Sur l’article 700 du code de procédure civile
Aux termes de l’article 700 du code de procédure civile, le juge condamne la partie tenue aux dépens ou qui perd son procès à payer à l’autre partie la somme qu’il détermine, au titre des frais exposés et non compris dans les dépens. Dans tous les cas, le juge tient compte de l’équité ou de la situation économique de la partie condamnée. Il peut, même d’office, pour des raisons tirées des mêmes considérations, dire qu’il n’y a pas lieu à ces condamnations.

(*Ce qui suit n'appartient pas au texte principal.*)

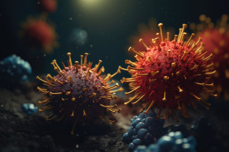 3d render of pathogenic virus organism or bacteria infecting and causing disease. Close up from microscope of coronavirus. 3d rendering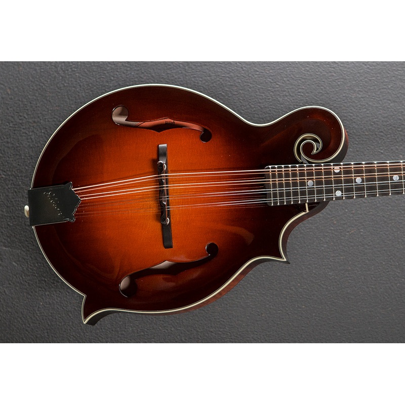 “The F-5G is a Modern Collection version of Gibsons iconic F-5 design. Tuned to the needs of modern mandolin players, its player-friendly specs include an unbound ebony fingerboard, a 14-degree fingerboard radius, no pickguard, and a short fingerboard extension. The neck and body are made from figured red maple and are coupled with a carved Sitka spruce top. The F-5G features refreshed specifications, contours, and construction for optimal acoustic response. Finished in Dark Burst gloss nitrocellulose lacquer, a hardshell case is included.”

Au regard de la solution apportée au litige, il convient de débouter Mme [E] de sa demande formulée au titre de l’article 700 du code de procédure civile.
PAR CES MOTIFS
Le tribunal, statuant publiquement, par mise à disposition au greffe, par jugement contradictoire et en premier ressort,
DEBOUTE Mme [Y] [E] de sa demande de voir ordonner une expertise ou consultation médicale afin de se prononcer sur sa capacité à reprendre son activité professionnelle à temps plein le 20 mai 2022,
DEBOUTE Mme [Y] [E] de sa demande de voir condamner en paiement d’indemnités journalières à taux plein pour la période du 20 mai 2022 au 6 mars 2023 la caisse primaire d’assurance maladie des Yvelines,
CONDAMNE Mme [Y] [E] aux entiers dépens.
DEBOUTE Mme [Y] [E] de sa demande sur le fondement des dispositions de l’article 700 du code de procédure civile,
DEBOUTE les parties de leurs demandes plus amples ou contraires.